Morning graph
From a new dataset of CDS prices I'm working with -- this suggests that even though the credit crisis began in the summer of 2007, the market didn't pick up on Lehman's problems until Spring 2008, and even then really didn't see a problem until a few weeks before the petition date. Aren't these things supposed to help with price discovery?
I've got Morgan Stanley on the graph too for context -- Lehman's a bit more volatile, but not notably different.
Quite interesting. But are we sure we really know which way the causation does with CDS pricing? Conventional thinking is that CDS spreads reflect risk on the reference asset. But CDS are also a way of shorting an asset, so as shorting demand grows, that could result in other investors getting worried and selling off of the asset itself, which would place downward pressure on the asset price.

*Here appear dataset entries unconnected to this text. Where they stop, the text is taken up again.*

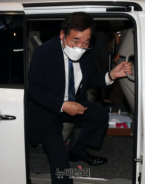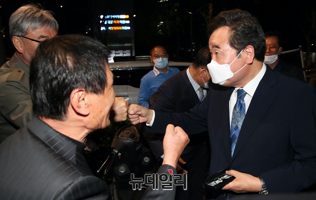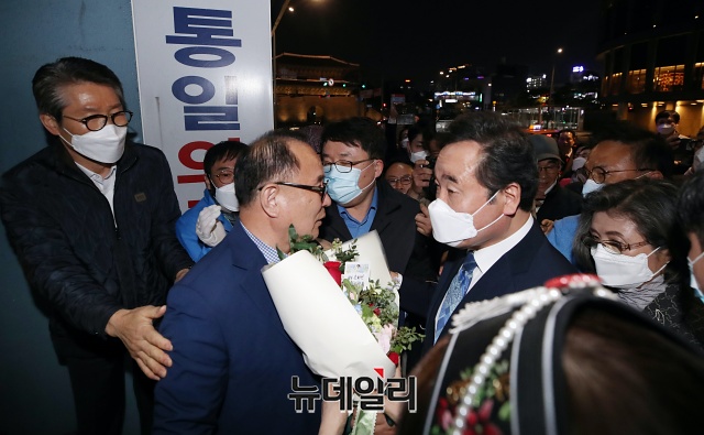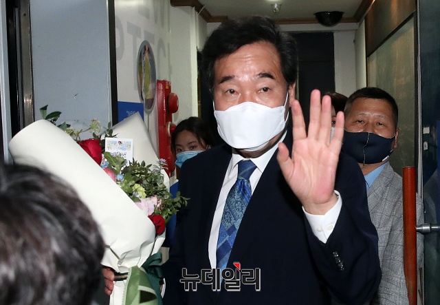 이낙연 더불어민주당 종로구 후보가 15일 오후 서울 종로구 선거사무소에서 지지자들로부터 꽃다발을 받고 입장하고 있다.
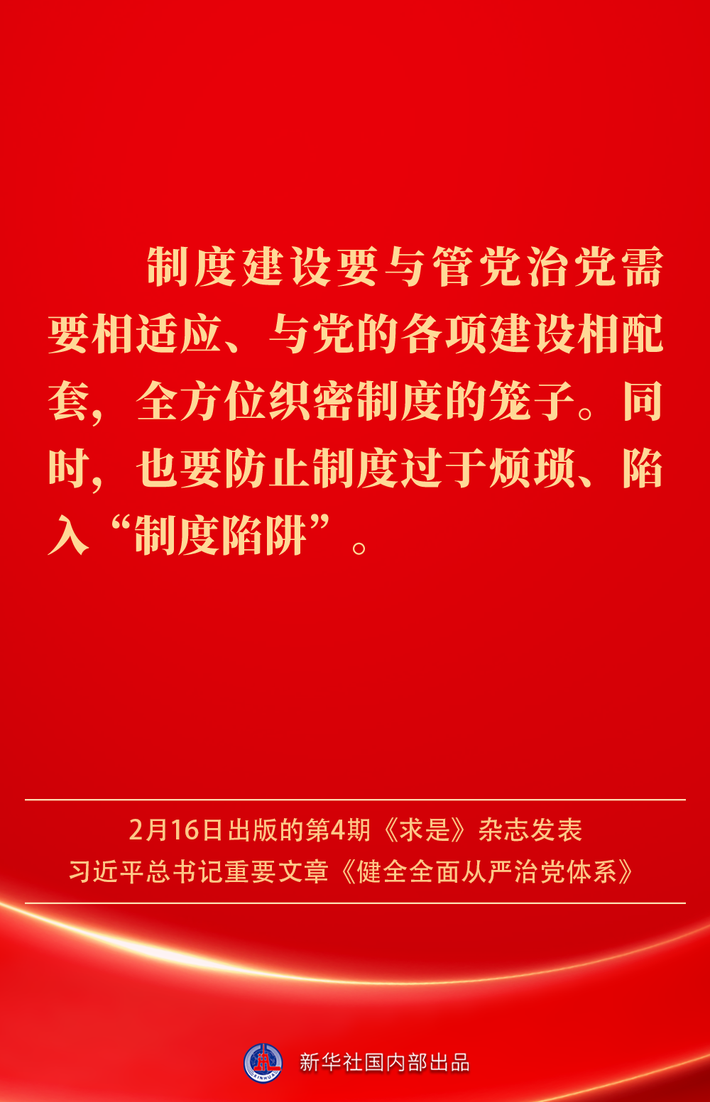 2月16日出版的第4期《求是》雜志發(fā)表習(xí)近平總書記重要文章《健全全面從嚴(yán)治黨體系》。如何進(jìn)一步健全要素齊全、功能完備、科學(xué)規(guī)范、運(yùn)行高效的全面從嚴(yán)治黨體系?習(xí)近平總書記闡明要旨——Evk安康新聞網(wǎng)
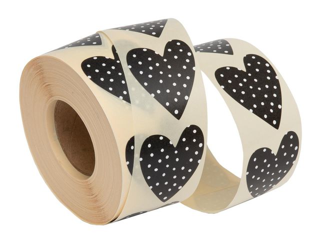 Prickiga hjärtan att dekorera paketen eller bukettomslaget med. Svarta, dekorativa självhäftande hjärtan på rulle. – Storlek: 35x42cm – Antal: 1000st/rulle

I wonder how much of Lehman CDS pricing can be explained by having one big sucker around (AIG)? If AIG was willing to write CDS on Lehman like a drunken sailor (mariners having a well-known propensity to spontaneously write CDS when inebriated) wouldn't that mean that the AIG price would become the market?
Also it's worth looking at the ABX, an index of CDS on subprime mortgage backed securities. The ABX (price of CDS on subprime mortgages) spikes at the time of Lehman's bankruptcy. It's not as if Lehman's collapse resulted in worse mortgage performance, and Lehman wasn't guaranteeing any of the mortgages in the ABX reference pools. The only explanation that's left, I think, is that CDS prices are as much a function of counterparty risk as of reference asset risk.